#### Listed records
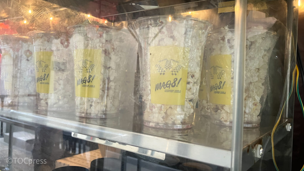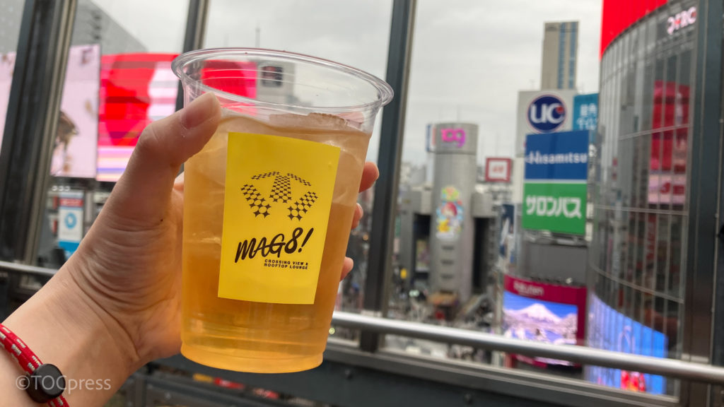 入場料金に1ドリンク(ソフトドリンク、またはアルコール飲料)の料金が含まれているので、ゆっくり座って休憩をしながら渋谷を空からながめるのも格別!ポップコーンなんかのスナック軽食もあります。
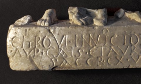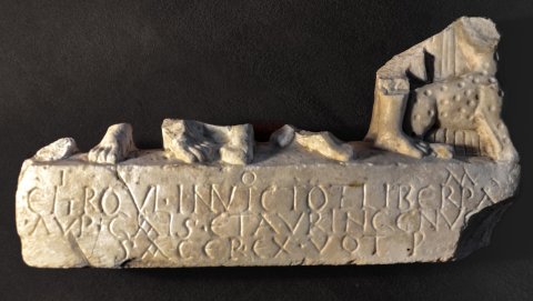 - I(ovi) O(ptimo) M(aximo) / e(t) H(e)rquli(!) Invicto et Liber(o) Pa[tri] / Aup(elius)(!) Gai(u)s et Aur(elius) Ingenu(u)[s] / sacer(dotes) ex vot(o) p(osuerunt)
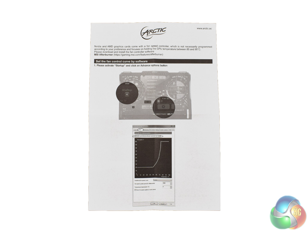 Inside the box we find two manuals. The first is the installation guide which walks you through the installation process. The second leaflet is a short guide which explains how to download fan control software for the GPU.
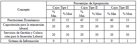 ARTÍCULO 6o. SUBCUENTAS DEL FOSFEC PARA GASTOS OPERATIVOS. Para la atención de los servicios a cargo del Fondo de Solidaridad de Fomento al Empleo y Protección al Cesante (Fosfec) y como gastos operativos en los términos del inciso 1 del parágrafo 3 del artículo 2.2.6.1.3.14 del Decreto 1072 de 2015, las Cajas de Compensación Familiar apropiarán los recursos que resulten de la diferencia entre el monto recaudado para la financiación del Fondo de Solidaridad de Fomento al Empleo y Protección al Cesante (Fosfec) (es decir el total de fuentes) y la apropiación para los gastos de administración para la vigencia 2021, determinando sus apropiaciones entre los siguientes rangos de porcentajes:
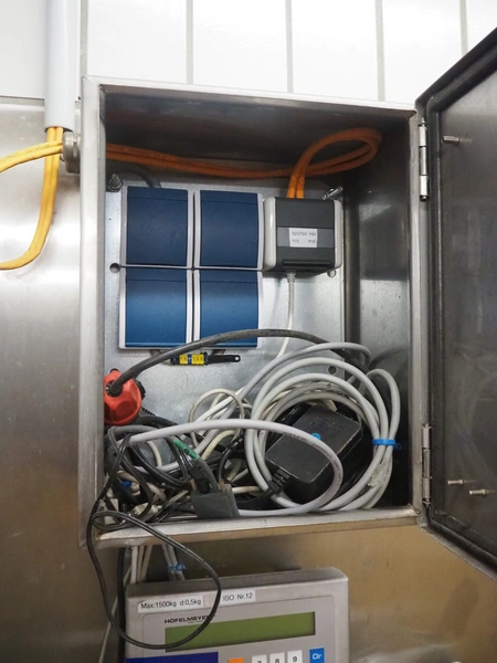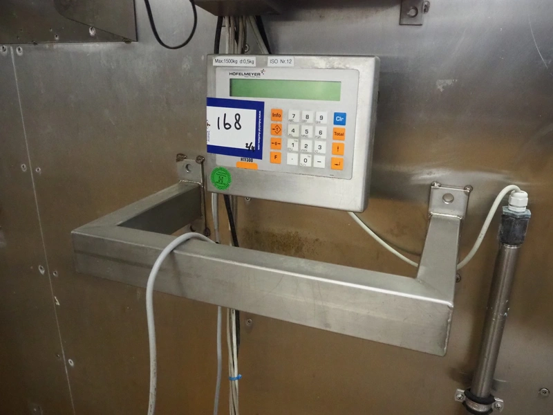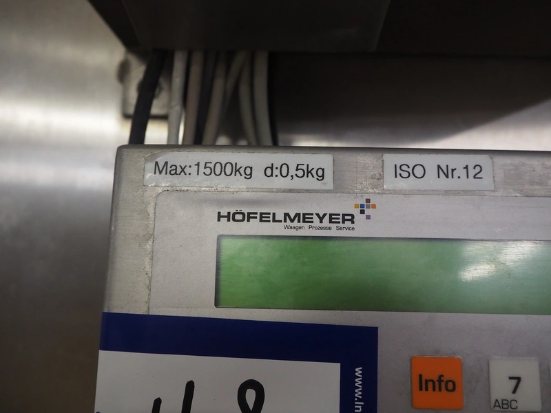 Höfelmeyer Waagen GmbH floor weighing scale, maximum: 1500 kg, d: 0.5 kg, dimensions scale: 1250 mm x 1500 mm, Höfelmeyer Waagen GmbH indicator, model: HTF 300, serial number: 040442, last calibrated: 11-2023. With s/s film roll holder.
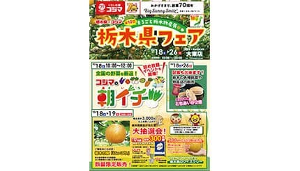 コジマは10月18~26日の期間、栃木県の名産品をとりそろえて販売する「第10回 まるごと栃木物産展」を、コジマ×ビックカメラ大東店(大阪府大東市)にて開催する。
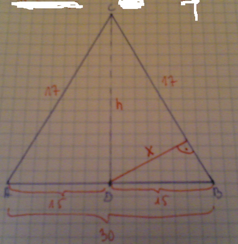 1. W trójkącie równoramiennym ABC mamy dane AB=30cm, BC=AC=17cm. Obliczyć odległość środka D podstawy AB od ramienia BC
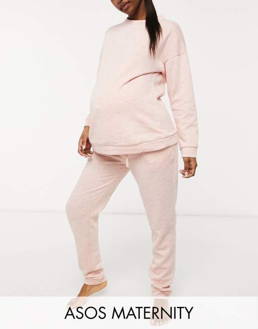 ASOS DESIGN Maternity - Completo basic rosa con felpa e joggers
########
● Task objective: What is needed is an exact copy of the lines above, from the one holding "Inside the box" down to the one holding "ARTÍCULO 6o. SUBCUENTAS", with those two included and the pictures left out.

● Your response:
 Inside the box we find two manuals. The first is the installation guide which walks you through the installation process. The second leaflet is a short guide which explains how to download fan control software for the GPU.
 ARTÍCULO 6o. SUBCUENTAS DEL FOSFEC PARA GASTOS OPERATIVOS. Para la atención de los servicios a cargo del Fondo de Solidaridad de Fomento al Empleo y Protección al Cesante (Fosfec) y como gastos operativos en los términos del inciso 1 del parágrafo 3 del artículo 2.2.6.1.3.14 del Decreto 1072 de 2015, las Cajas de Compensación Familiar apropiarán los recursos que resulten de la diferencia entre el monto recaudado para la financiación del Fondo de Solidaridad de Fomento al Empleo y Protección al Cesante (Fosfec) (es decir el total de fuentes) y la apropiación para los gastos de administración para la vigencia 2021, determinando sus apropiaciones entre los siguientes rangos de porcentajes:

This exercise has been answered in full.